For example, if p(9) = 0.5, p(10) = 0.5, and p(x) = 0 for all other x,
then we have 1 bit of entropy in the word.
We can analyze it bit a time, and proceed in oe of two ways:
- If we go lsbit first, then we have 1 bit of entropy in bit 0, but
then zero entropy in bit 1.
- If we go msbit first, we have 1 bit of entropy in bit 1, but then
zero entropy in bit 0.
Either way, there's only 1 bit of entropy total because of the
correlation between the bits. Once we have seen one of the bits, the
entropy of the second one collapses to 0.
And either way, we have 1 bit of entropy in the word, but 0 bits of entropy
in the parity of the word.
Am Freitag, 29. April 2016, 14:02:48 schrieb George Spelvin:
Hi George,
> >> 1. It DOES depend on the attacker. Any statement about independence
> >>
> >> depends on the available knowledge.
> >>
> >> 2. XOR being entropy preserving depends on independence ONLY, it does
> >>
> >> NOT depend on identical distribution. The latter is a red herring.
> >> (An English metaphor for "irrelevant distraction.")
> >>
> >> 3. Precisely because the bits are not independent, XOR is not
> >>
> >> guaranteed to be entropy-preserving (your sense) on real data.
> >
> > It seems we talk past each other. Your entire explanation refers to
> > individual bits that come in sequentially where the attacker inbetween
> > can analyze it and potentially modify his attack. Sure, in this case
> > they are not independent and I am not claiming that.
>
> You can analyze it in two equivalent ways:
>
> 1. The attacker knows all previous timestamps, and we are tring to
> quantify their uncertainty about the current timestamp word.
>
> In this case, some of the attacker's knowledge will be about
> correlations between the bits of that word.
>
> I think this is the easier way to think about the problem and
> the formulation I prefer. Especially because of the structure
> of the work you do afterward, XORing those 32 bits.
>
> 2. An attacker knows all previous *bits*, and is presented with, and
> tries to guess, the 32 bits of the timestamp one at a time.
>
> In this case, information gleaned from previously-seen bits which
> would be called correlations in option 1 get incorporated into the
> predicted distribution of the current bit.
>
> For measuring the source entropy, this is also a valid way to
> proceed. It's like Shannon's early studies of the entropy of
> English by letting readers read the first half of a novel and then
> asking them to guess what follows, one letter at a time.
>
> I think this form is less convenient in general, and it's particularly
> annoying when subsequently computing the parity of a word, as it's
> hard to talk about cancellations due to non-independent bits.
>
> Entropy (Shannon, Renyi, and min-) is additive, meaning that the two
> different ways of measuring will produce the same result.
>
> Either way, word or bit at a time, we are trying to quantify the *new*
> additional entropy contributed by the current sample. That means
> we assume for the analysis of each sample that all previous samples
> are known to the attacker.
>
> > But one single time stamp is one value where the entire 32 bits are
> > generated in an atomic fashion to any observer -- there is no sequential
> > obtaining of its bits, analyzing it and then reacting on it.
>
> I never suggested doing it any other way, although as I explained above
> it's possible to do so.
>
> I was only considering processing *words* sequentially.
>
> Knowledge of the previous *words* affect the predicted distribution
> of individual bits in the current word.

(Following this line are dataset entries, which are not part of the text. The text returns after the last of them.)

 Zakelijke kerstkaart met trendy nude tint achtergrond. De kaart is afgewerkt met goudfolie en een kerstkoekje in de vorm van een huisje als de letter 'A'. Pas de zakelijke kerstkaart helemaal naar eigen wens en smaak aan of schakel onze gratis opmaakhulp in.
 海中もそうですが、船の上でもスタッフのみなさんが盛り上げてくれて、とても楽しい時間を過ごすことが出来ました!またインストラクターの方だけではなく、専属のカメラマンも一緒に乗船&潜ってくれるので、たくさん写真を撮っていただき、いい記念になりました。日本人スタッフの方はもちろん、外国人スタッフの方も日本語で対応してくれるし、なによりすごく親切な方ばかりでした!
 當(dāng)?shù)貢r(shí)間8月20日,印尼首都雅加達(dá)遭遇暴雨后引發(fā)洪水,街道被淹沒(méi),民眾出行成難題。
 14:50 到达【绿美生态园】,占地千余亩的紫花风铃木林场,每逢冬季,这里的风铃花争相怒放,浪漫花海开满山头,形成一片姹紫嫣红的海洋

That is all correct what you write and I concur. But you still do not answer
the point I am making. You always in all your descriptions compare two or more
time stamps. And I always concured that they are dependent -- and XOR will do
whatever to the entropy.
What I am saying that the bits in one given time stamp are mutually
independent. I.e. bit 0 of one time stamp does not depend on bit 1 of that
very same time stamp.
I totally agree with you that bit 0 from time stamp 1 may tell you something
about bit 0 of time stamp 2. And therefore I am not considering multiple time
stamps for this first step.
Let me quote the definitions from SP800-90B:
IID: A sequence of random variables for which each element of the sequence has
the same probability distribution as the other values and all values are
mutually independent.
Independent: Two discrete random variables X and Y are (statistically)

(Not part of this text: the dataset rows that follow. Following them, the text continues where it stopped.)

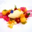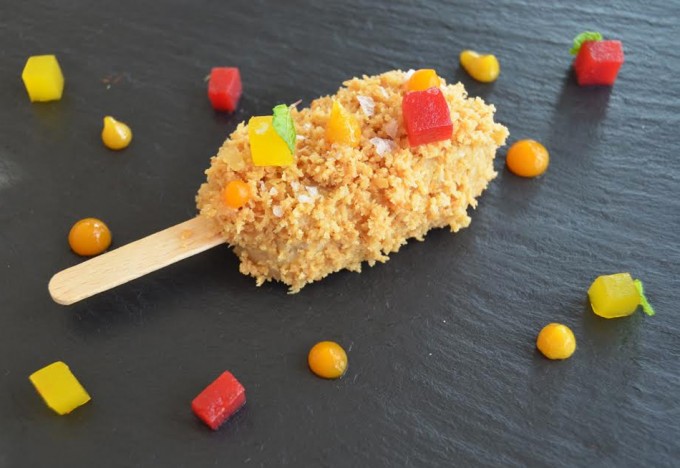 Servir en un plato de pizarra el Magnum de turrón y foie y condimentarlo con unas escamas de sal Maldon. Acompañar con la calabaza confitada, la gelatina de naranja, unas gotas de esencia de almendras y unas hojas de hierbabuena.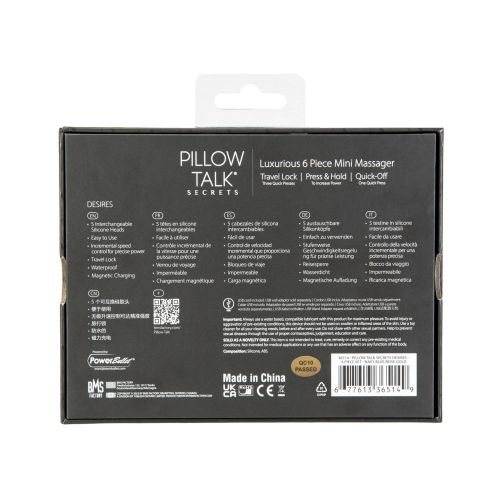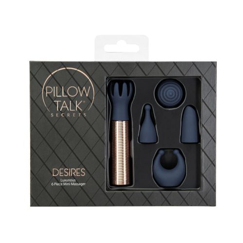 Вибромассажер Ванд золотистого цвета с 5 синими насадками Pillow Talk Secrets Desires 6 Piece Mini Massager Set Navy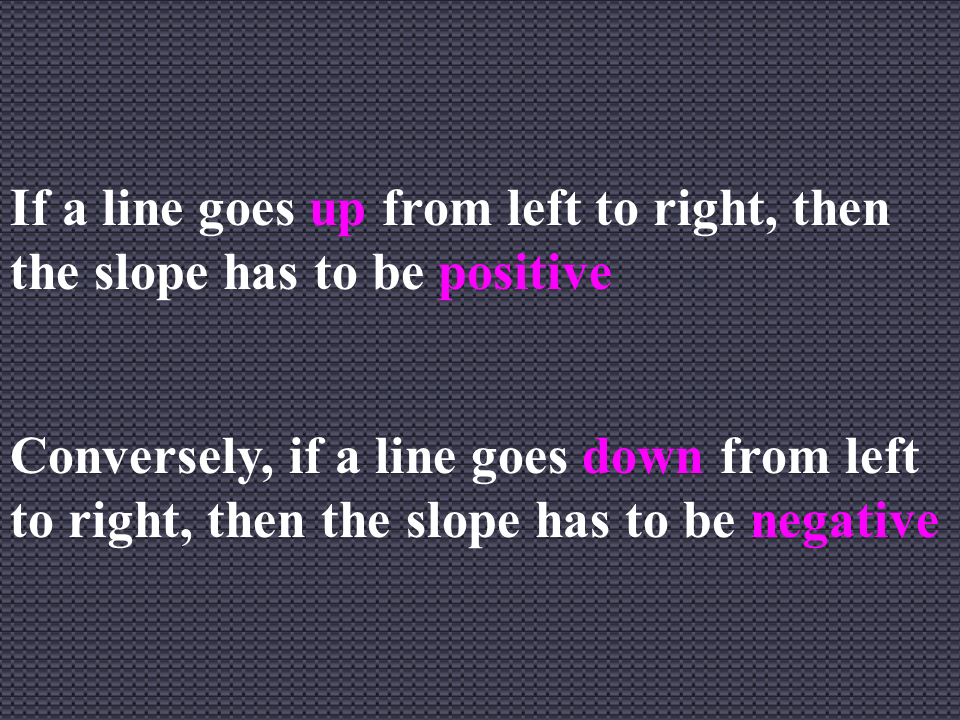 Conversely, if a line goes down from left to right, then the slope has to be negative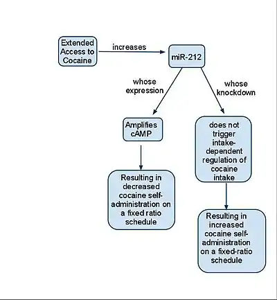 A 2010 study published in Nature showed an upregulation of microRNA-212 in the dorsal striatum of rats previously exposed to cocaine for extended periods.[24] Animals infected with a viral vector overexpressing miR-212 in the dorsal striatum produced the same initial levels of cocaine intake; however, drug consumption progressively decreased as net cocaine exposure increased. The authors of the study noted that viral-infected animals exhibited decreased operant responding during the post-infusion time-out period and proposed that this demonstrated a reduction in compulsive drug-seeking behavior.(Hollander et al.) miR-212 acts through Raf1 to enhance the CREB response; CREB-TORC is known to negatively regulate the reinforcing effects of cocaine. (Hollander et al.) This study provides one example (miR-212, owing to its amplification of CREB) of a self-administration study that may provide potential therapeutic targets for the treatment of cocaine addiction. One of the most important advances to emerge from self-administration studies comes from a behavioral model for addiction in animals.[25] This model relies on observation of three separate phenomena to classify a rat as “addicted:” 1) 'Persistence in drug-seeking: Depends on the attempts of rats to obtain drug during time-out or no-periods in the self-administration apparatus. 2) Resistance to punishment: Measured by how much rats maintain rates of self-administration when cocaine infusion is paired with an electric shock. 3) Motivation for the drug: Measured by the breakpoint in progressive ratio reinforcement. (Deroche-Gamonet et al.)

independent if the probability that an observation of X will have a certain
value does not change, given knowledge of the value of an observation of Y
(and vice versa). When this is the case, the probability that the observed
values of X and Y will be x and y, respectively, is equal to the probability
that the observed value of X will be x (determined without regard for the
value of y) multiplied by the probability that the observed value of Y will be
y (determined without regard for the value of x).

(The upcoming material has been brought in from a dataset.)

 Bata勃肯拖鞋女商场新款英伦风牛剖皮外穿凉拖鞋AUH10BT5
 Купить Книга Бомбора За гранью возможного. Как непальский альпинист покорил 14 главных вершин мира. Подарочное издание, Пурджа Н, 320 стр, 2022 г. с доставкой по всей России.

All I am claiming and all I am saying is that the bits 0 through 31 in one
given time stamp are mutually indpendent. And thus the XOR of those
independent bits is appropriate.
>
> When woring word-at-a-time like this, we also have to consider
> cross-correlations among the bits of a word. The most general way to
Tell me where the correlations should be within one word. Where do you claim
they come from?
> express it is a set of 2^32 probabilities for each of the 2^32 possible
> values. The awkwardness of this form is why it's sometimes useful to
> think about smaller pieces.
>
> For example, if p(9) = 0.5, p(10) = 0.5, and p(x) = 0 for all other x,
> then we have 1 bit of entropy in the word.
>
> We can analyze it bit a time, and proceed in oe of two ways:
>
> - If we go lsbit first, then we have 1 bit of entropy in bit 0, but
> then zero entropy in bit 1.
> - If we go msbit first, we have 1 bit of entropy in bit 1, but then
> zero entropy in bit 0.
This description makes no sense.
>
> Either way, there's only 1 bit of entropy total because of the
> correlation between the bits. Once we have seen one of the bits, the
> entropy of the second one collapses to 0.
Again, where does the correlation is supposed to come from?
>
> And either way, we have 1 bit of entropy in the word, but 0 bits of entropy
> in the parity of the word.
Ciao
Stephan
> What I am saying that the bits in one given time stamp are mutually
> independent. I.e. bit 0 of one time stamp does not depend on bit 1 of that
> very same time stamp.
And I'm saying that's wrong.
We are interested in the correlation from the point of view of someone
who knows all previous time stamps (and a lot else besides).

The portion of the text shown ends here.